Layer 1: Surface
Standard RAG indexes text. But a typical engineering organisation’s knowledge lives in slide decks, architecture diagrams, recorded standups, and annotated screenshots. If you can’t retrieve from those, you have a text-only system serving a multimodal world.
Multimodal RAG extends the retrieval pipeline to handle at least two additional modalities:
| Modality | Indexing approach | Retrieval mechanism |
|---|---|---|
| Text | Embed text chunks | Dense vector similarity |
| Images | CLIP embeddings or caption text | Cross-modal or text-to-image similarity |
| Audio | Transcribe (Whisper or equivalent), then treat as text | Text-based retrieval on transcript chunks |
| Video | Keyframe extraction + audio transcription | Combined image/text retrieval |
The core insight: each modality needs its own chunking strategy and its own embedding approach. Trying to force images through a text chunking pipeline, or audio through an image pipeline, produces poor retrieval.

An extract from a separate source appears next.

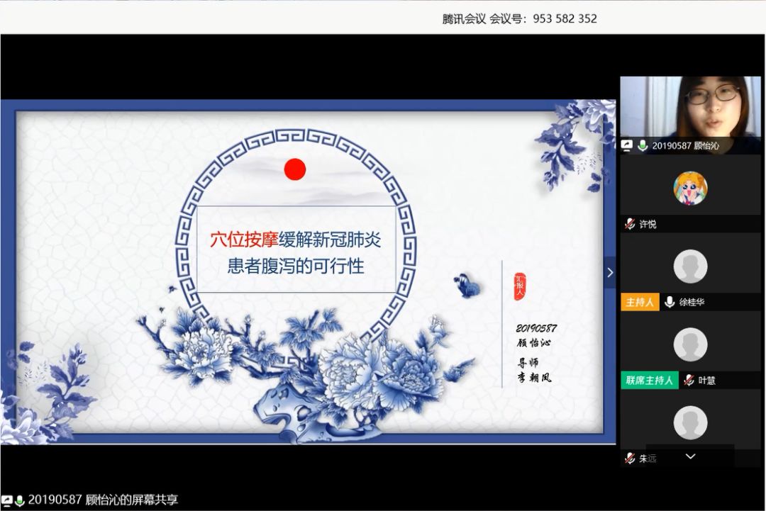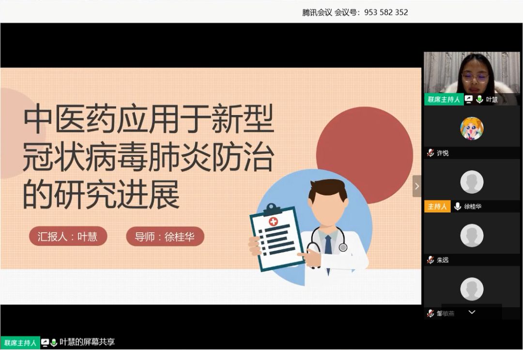 15位同学依次进行了读书报告汇报,其中两位同学围绕时事热点关注中医药在新型冠状病毒肺炎中的应用以及中医特色护理技术在新冠肺炎康复中的应用进行分享,介绍了中医药在此次新冠肺炎中发挥的全疗程、全方位作用,选题契合热点问题,思路较清晰,汇报完整。主持人重点点评了中医药治疗和护理在此次抗疫新冠肺炎中的作用,提升员工中医自信和护理自信,引导了员工在未来职业生涯中的使命和担当。同时启发员工谈谈这次疫情对护理学科发展以及护理科研的思考。江星导师建议未来可以就中医护理干预对新冠肺炎后遗症、并发症的效果观察进行探讨;董银凤导师建议可以建立肺部损伤小鼠模型,探讨对肺损伤康复干预机制的研究。

The context budget problem
A 1024×768 image passed to a vision-capable model typically consumes 700–2,000 tokens depending on the model and detail level. At top-k=5 with images, you may consume 5,000–10,000 tokens on images alone — before the user’s question and the system prompt. This is not a retrieval problem; it is a context assembly problem. You need explicit token budgets per modality.
Production Gotcha
Common Gotcha: Multimodal RAG requires fundamentally different chunking strategies — images cannot be split mid-image, and a single high-resolution image may consume as many tokens as several pages of text when passed to a vision model. Budget your context window per modality before designing the pipeline.
Layer 2: Guided
Note: The library versions shown below (Pillow, openai-whisper, open-clip-torch) were current as of April 2026. Verify versions before use — multimodal tooling evolves rapidly.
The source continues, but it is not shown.